Nervousness or ‘butterflies in the stomach’ before a presentation or performance are natural. However, when this response becomes too frequent and causes a great amount of distress, or affects performance and thinking, it turns into a mental health issue. Let’s dive into the common, but misunderstood, phenomenon of performance anxiety, and learn how to deal with performance anxiety at work.
What is performance anxiety?
Performance anxiety at work refers to a situation where an individual’s performance gets affected due to excessive fear of judgement from others or anxiety about their performance. Performance anxiety is a type of work-related anxiety. It is a condition in which the person affected cannot perform in front of others or struggles with completing a project.

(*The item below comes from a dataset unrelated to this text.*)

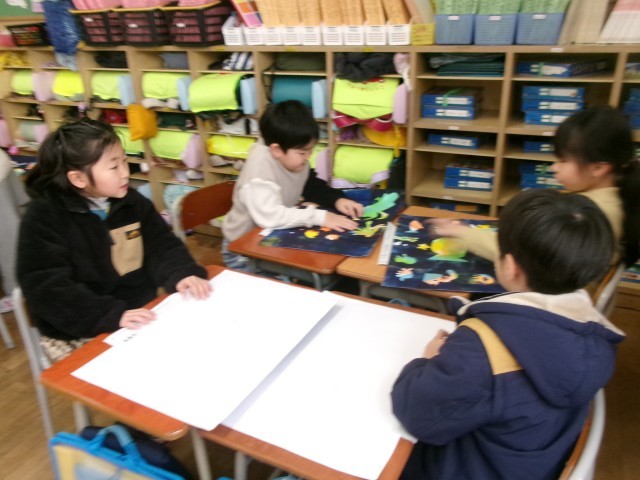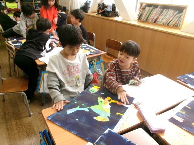 みんなで図工の作品を見合いました。

A person having performance anxiety is usually calm and comfortable around people, but dreads the idea of performing in front of others, even if it is their friends at work.
Prolonged performance anxiety can have side effects. It impacts work and confidence and can also lead to issues like self-consciousness, low self-esteem and feeling low. Falling sick frequently and taking leaves often, missing out on deadlines, poor quality work, no time management, distraction at work, physical pain and fatigue are also possible effects of anxiety.
How to recognise performance anxiety at work
Symptoms of peformance anxiety are similar to the common signs of anxiety, such as:
- Increased heart rate
- Dry mouth or tightness in your throat
- Feeling sick or nauseous
- Excessive worrying
- Brain fog or difficulty concentrating
- Feeling ‘on edge’
Sometimes you may be so used to your anxiety that you may not even notice these symptoms. If you, or a colleague at work, are showing these signs over a sustained period, it may be time to seek an expert’s help.
What are the causes of performance anxiety?
Performance anxiety at work can have multiple causes or factors behind it. Some people have a predisposition to anxiety disorders. In other cases, the environmental response may aggravate their condition.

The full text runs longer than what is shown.